Mr. S., a middle-aged man with a history of work problems, rushed into the consulting room after tossing his rain-soaked coat upon one of the analyst’s newly upholstered office chairs.
The analyst was concerned about his chair and annoyed by his patient’s apparent lack of consideration. Initially viewing himself as the target of the patient’s unconscious projections, the analyst interpreted the act as an expression of displaced anger. Mr. s., in turn, became apologetic and immediately removed his coat from the chair.
Realizing in that moment that he had responded to the patients behavior (outside thepatient’s experience), the analyst shifted his attention to what Mr. S. was experiencing and away from himself as a target. From this “experience-near” vantage point, he recognized that his patient felt misunderstood and hurt by the interpretation. The analyst communicated this understanding and, furthermore, came to understand that Mr. S. had entered the office so excited and so preoccupied with his desire to share his good news about a job promotion that he had thoughtlessly tossed his coat. In turn, being understood allowed Mr. S. to arrive at an important awareness: namely, that his excitement in wishing to be recognized led, at times, to careless and inappropriate behavior that other people sometimes found offensive.
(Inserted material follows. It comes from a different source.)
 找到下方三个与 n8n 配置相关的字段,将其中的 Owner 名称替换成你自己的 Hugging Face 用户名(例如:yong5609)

EMPATHY: SOME MISUNDERSTANDINGS
This process of thinking and feeling oneself into the inner life of another person can be open to a number of misunderstandings.
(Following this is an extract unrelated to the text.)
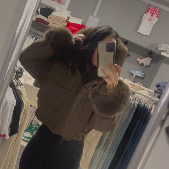 Dámska zimná bombera s kožušinkou - hnedá

First, let’s emphasize that empathy is not a process by which we guess, intuit, or magically perceive what is occurring in the mind of another.
Second, empathy is not the same as we might feel if we were in a similar situation. For example, the therapist and patient may have experienced similar Iife circumstances. This does not mean, however, that the analyst’s particular experience of that situation is the same as the patient’s.
A third misunderstanding with regard to empathy is that, whereas every sensitive analyst will experience concern with whomever he or she works, placing oneself in
another’s experience does not mean becoming that person – that is, “taking over’ or “being flooded by,” the patient’s feelings. If, for example, a client becomes suddenly saddened while recounting the events of the funeral service, it would again be an error of empathy if, through identifying with that feeling, the analyst lost objectivity and began to commiserate with the patient. That is, entering into and becoming a participant in the sadness rather than being someone who understands the sadness can interfere with the analyst’s ability to be objective and helpful.
The use of empathy is not to be confused with being nice or appearing sympathetic or “curing through kindness.” The primary function of empathy was to make possible the painstaking unfolding of a patient’s inner experiences and the emergence of specific developmental needs (selfobject transferences).
It is this process that leads to in-depth understanding and interpretation, and to reliable psychological change.